» **YOUR ASSIGNMENT**: The part below that opens with the line containing "Bilden ovan är" and closes with the line containing "Palestine Silver 50 Mils 1939 KM-6 NGC MS 63" should be copied exactly, minus any pictures.

» **INFORMATION SHOWN**:
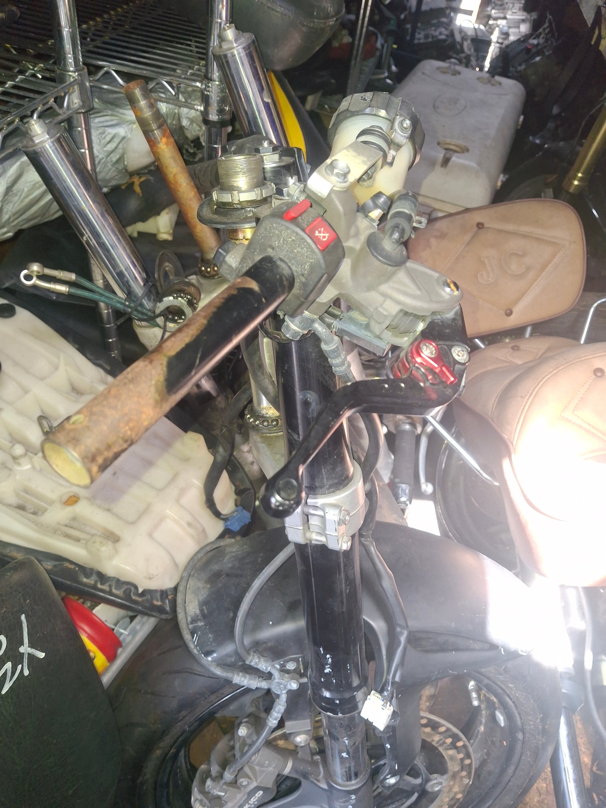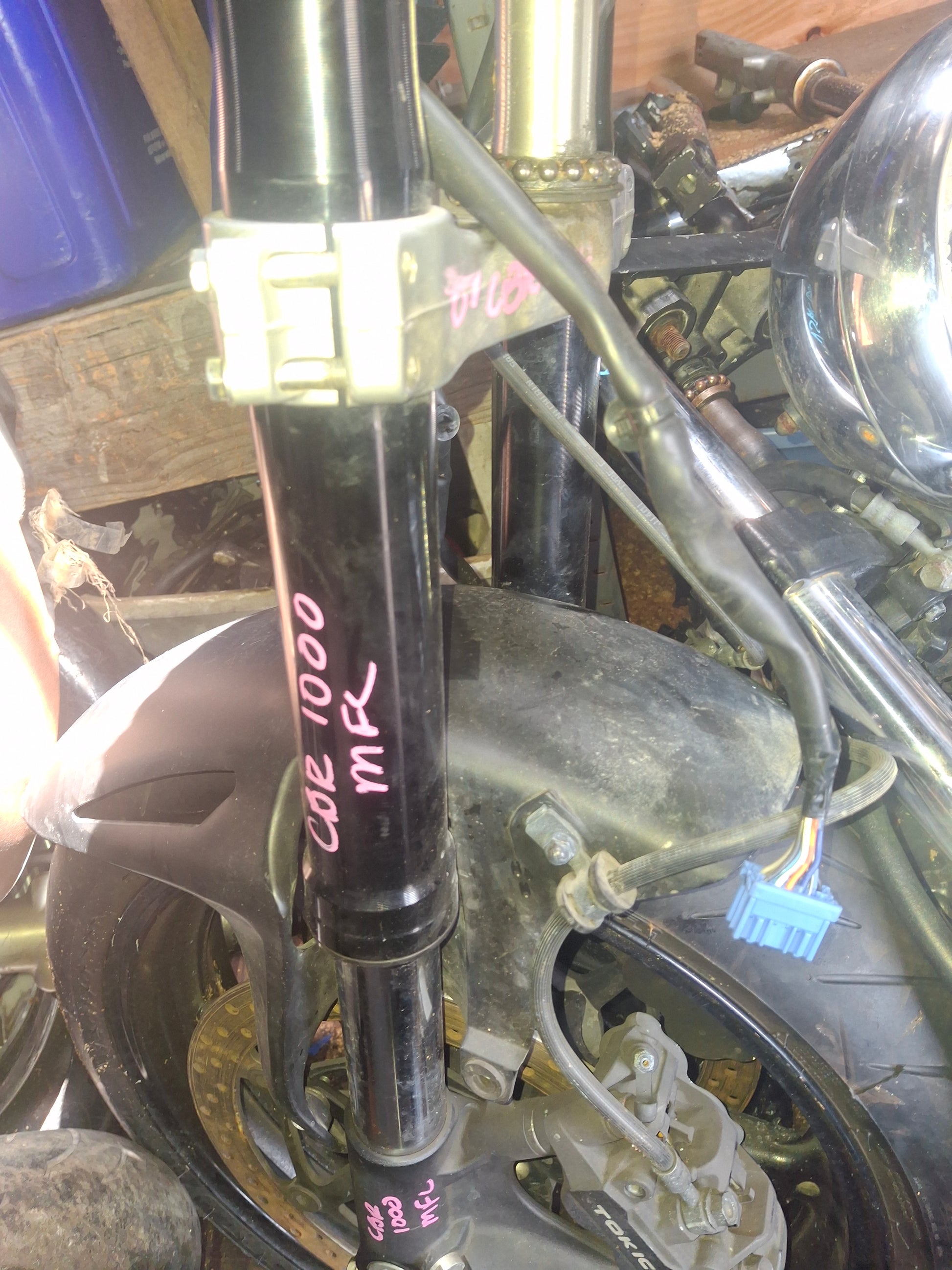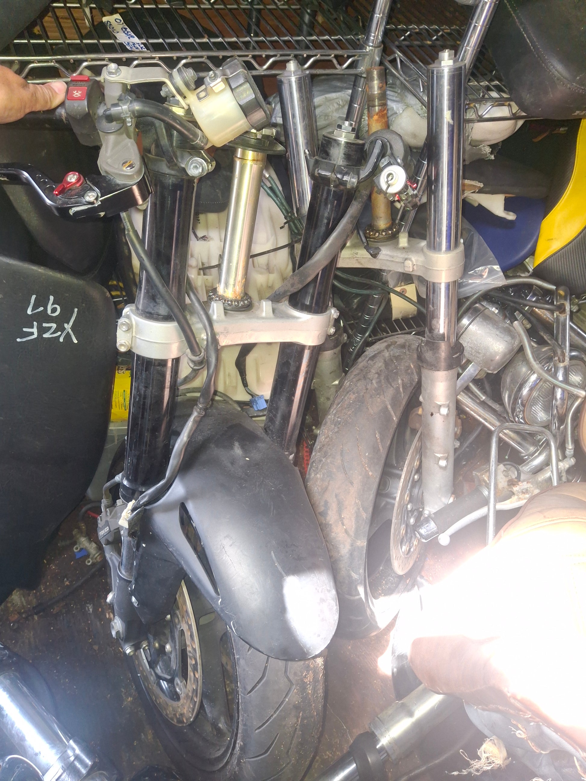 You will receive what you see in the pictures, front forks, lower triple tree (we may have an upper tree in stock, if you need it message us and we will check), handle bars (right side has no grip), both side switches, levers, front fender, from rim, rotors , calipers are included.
* * *
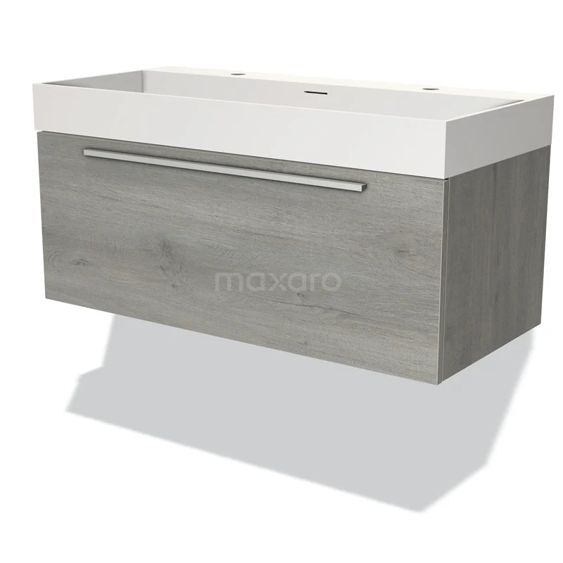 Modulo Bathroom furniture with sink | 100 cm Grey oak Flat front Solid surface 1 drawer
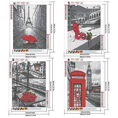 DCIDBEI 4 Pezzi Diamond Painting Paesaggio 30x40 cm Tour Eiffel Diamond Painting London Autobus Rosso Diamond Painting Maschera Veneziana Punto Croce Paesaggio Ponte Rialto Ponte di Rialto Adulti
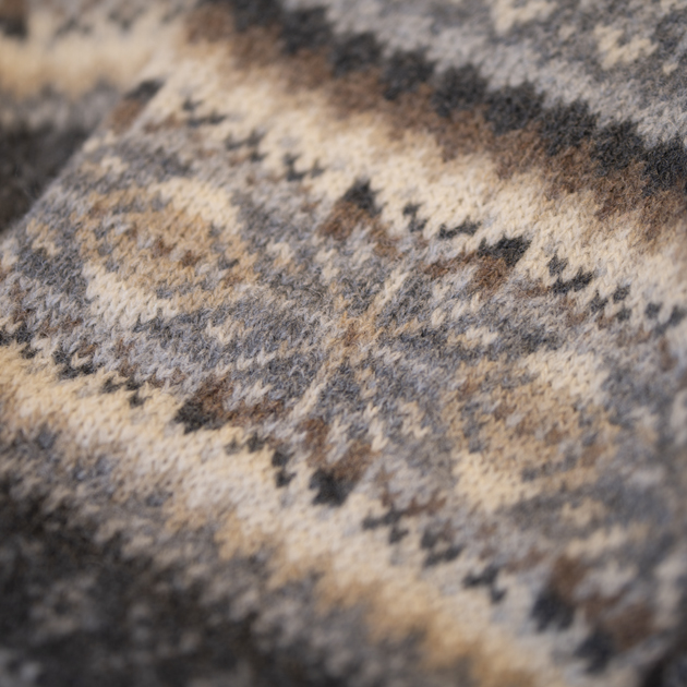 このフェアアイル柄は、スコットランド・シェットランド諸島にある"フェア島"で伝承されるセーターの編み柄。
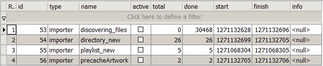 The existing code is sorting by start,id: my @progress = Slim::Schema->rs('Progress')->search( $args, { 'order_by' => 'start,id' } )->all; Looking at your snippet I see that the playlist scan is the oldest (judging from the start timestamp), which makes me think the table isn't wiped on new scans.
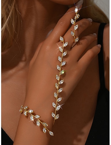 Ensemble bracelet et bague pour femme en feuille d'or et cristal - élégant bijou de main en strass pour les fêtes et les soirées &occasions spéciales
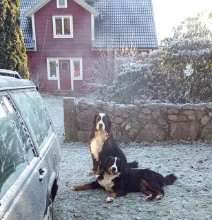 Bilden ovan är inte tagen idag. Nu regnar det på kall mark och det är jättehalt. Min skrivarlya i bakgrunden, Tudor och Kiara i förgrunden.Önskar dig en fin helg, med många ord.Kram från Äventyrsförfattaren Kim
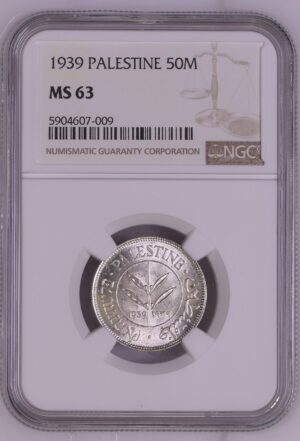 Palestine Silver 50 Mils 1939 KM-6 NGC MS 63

» **RESPONSE FOR THIS EXERCISE**:
 Bilden ovan är inte tagen idag. Nu regnar det på kall mark och det är jättehalt. Min skrivarlya i bakgrunden, Tudor och Kiara i förgrunden.Önskar dig en fin helg, med många ord.Kram från Äventyrsförfattaren Kim
 Palestine Silver 50 Mils 1939 KM-6 NGC MS 63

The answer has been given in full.